The code chunk below demonstrates how to create a customized TxDB package form GTF file, specifically called hg38.HomoSapiens.Gencode.v35, tailored to our bioinformatics analysis.

The steps include:

  1. Transform the downloaded Gencode v35 GTF file into a GRange instance
  2. Convert the GRange instance into a TxDB package
  3. (Optional) Include the gene annotation (gene_name, gene_type, gene_ID, and gene_type) as a DataFrame instance in the data folder in the package.

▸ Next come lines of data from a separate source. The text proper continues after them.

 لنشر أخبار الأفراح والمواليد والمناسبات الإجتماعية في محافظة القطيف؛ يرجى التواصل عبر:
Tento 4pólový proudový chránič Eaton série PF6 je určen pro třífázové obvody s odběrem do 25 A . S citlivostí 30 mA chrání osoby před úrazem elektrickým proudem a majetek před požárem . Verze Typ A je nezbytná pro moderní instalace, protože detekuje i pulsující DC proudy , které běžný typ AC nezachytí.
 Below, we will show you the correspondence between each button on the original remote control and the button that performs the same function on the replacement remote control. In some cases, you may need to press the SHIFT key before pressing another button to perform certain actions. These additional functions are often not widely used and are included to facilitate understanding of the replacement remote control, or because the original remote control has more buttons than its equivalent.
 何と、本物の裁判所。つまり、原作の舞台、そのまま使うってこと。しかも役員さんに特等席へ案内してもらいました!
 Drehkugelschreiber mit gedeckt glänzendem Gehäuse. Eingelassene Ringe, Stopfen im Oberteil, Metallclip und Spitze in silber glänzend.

This step not necessary if building an Ensembl DB package (EnsDb)
library(rtracklayer)
library(GenomicFeatures)

## Define the destination and package name of your TxDB package
pkg_name <- "hg38.HomoSapiens.Gencode.v35"
dest_dir <- "/fh/fast/tapscott_s/CompBio/hg38"

## Where is my GTF file
gtf_file <- "/fh/fast/tapscott_s/CompBio/genome_reference/GRCh38/Annotation/gencode.v35.annotation.gtf"

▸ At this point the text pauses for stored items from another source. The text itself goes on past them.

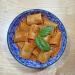 Cook the rigatoni in well salted water until just al dente – the pasta will soak up the sauce and continue to soften up. Drain the pasta well but save 3 to 4 cups of the pasta water and set it aside.
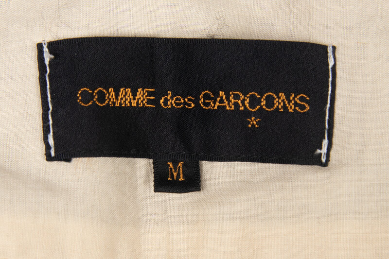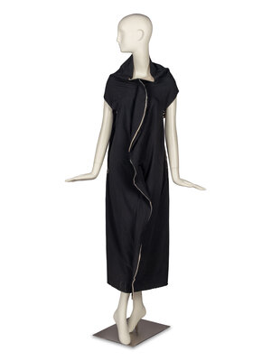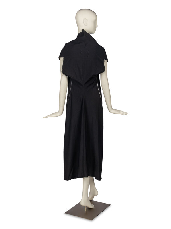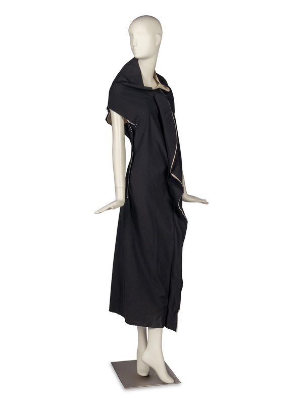Sleeveless gown in black muslin wool with white cotton lining and accents. Raw edges throughout. Features untrimmed seam allowances. From the Spring/Summer 1998 "Clustering Beauty" collection.
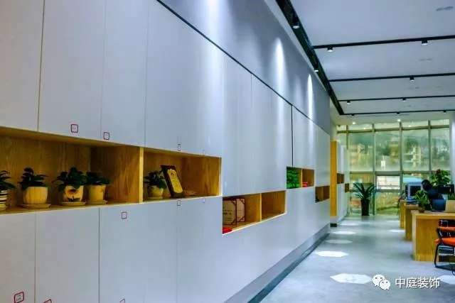 一進(jìn)去就看到一排整潔的白色儲物柜,一盆盆綠植生機勃勃。
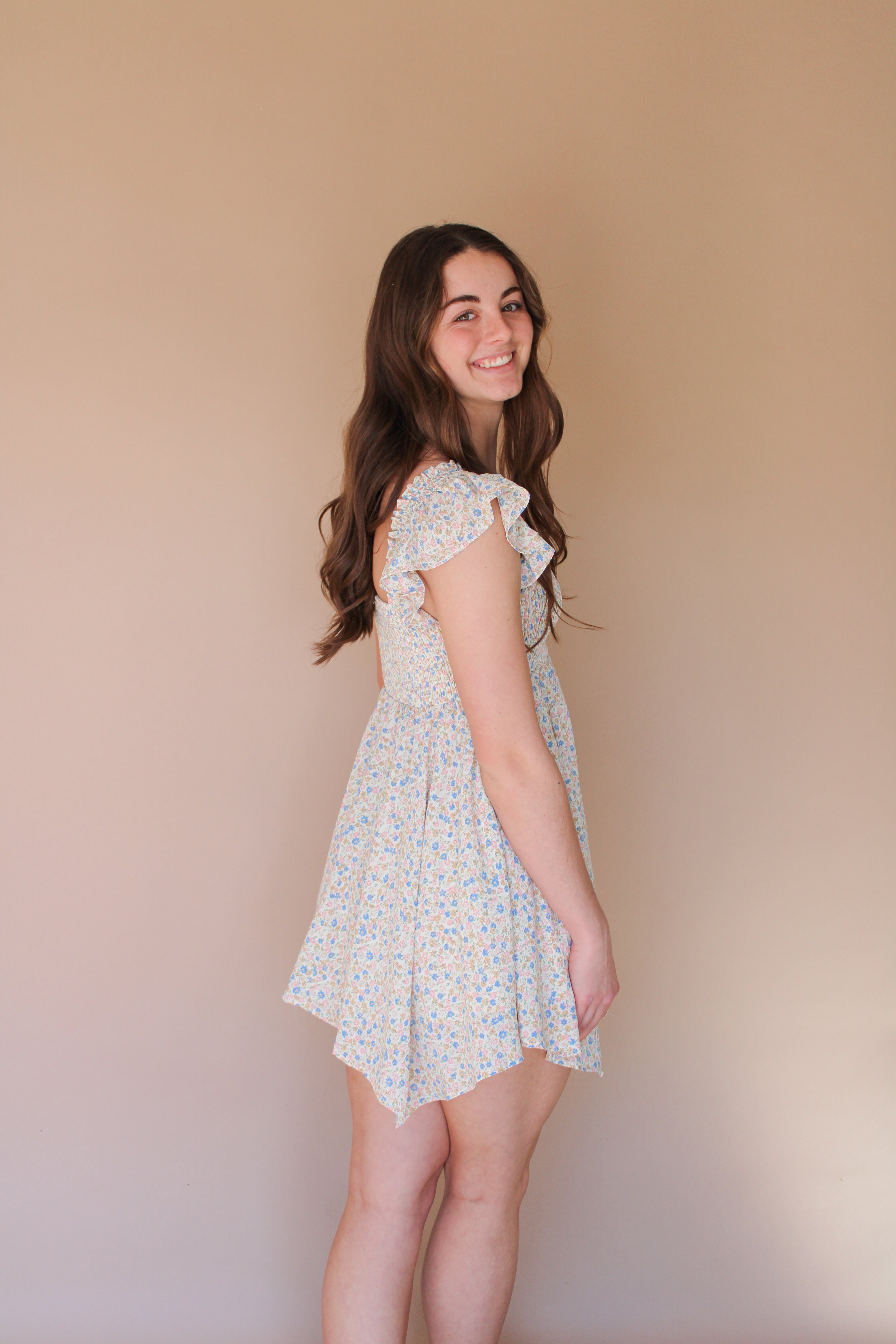 CARLIE FLORAL RUFFLE SHOULDER DRESS

## Import the GTF file into a GRange instance
gencode <- rtracklayer::import.gff(gtf_file)

## Define metadata: version, source, and etc.
organism <- "human"
release <- "v35"
dataSource <- paste0("ftp://ftp.sanger.ac.uk/pub/gencode/Gencode_",
                     organism, "/", release)
metadata <- data.frame(
  name=c("Organism", "Resource URL", "Resource GTF file",
         "Taxonomy ID", "miRBase build ID", "Data source"),
  value=c("Homo sapiens", dataSource, gtf_file, NA, NA, dataSource))

## Prepare the metadata
metadata <- GenomicFeatures:::.prepareGFFMetadata(gtf_file, dataSource,
                                                  organism="Homo sapiens")

## Combine the GRange instance and metadata into a TxDB instance
txdb <- GenomicFeatures:::makeTxDbFromGRanges(gr=gencode,
                                              metadata=metadata)

## Build a TxDb package
makeTxDbPackage(txdb, version="4.2.2", author="Chao-Jen Wong",
                pkgname=pkg_name, destDir=dest_dir, license="Artistic-2.0",
                provider="Gencode", providerVersion=release,
                maintainer="Chao-Jen Wong <cwon2@fredhutch.org>")

1.4.2 Build EnsDb package using AnnotationHub

In retrospect, I would use AnnotationHub() and GenomicFeatures::makeEnsembldbPackage() to make an EnsDB package instead of TxDB because EnsDB has slots/functions to retrieve the gene information. Below is an example:

#'
#' EnsDb.Hsapiens.v92: 
#'
library(AnnotationHub)
library(GenomicFeatures)
ah <- AnnotationHub()
query(ah, c("hsapiens"))
edb <- ah[["AH60977"]]
seqlevelsStyle(edb) <- "NCBI"
makeEnsembldbPackage(ensdb=dbfile(dbconn(edb)), version="1.0.0",
                     maintainer="Chao-Jen Wong <cwon2@fredhutch.org>",
                     author="Chao-Jen Wong",
                     destDir="/fh/fast//tapscott_s/CompBio/hg38")

1.5 Additional scripts

The scripts directory contains the R code and shell scripts performing preprocessing and bioinformatics analysis for the manuscripts.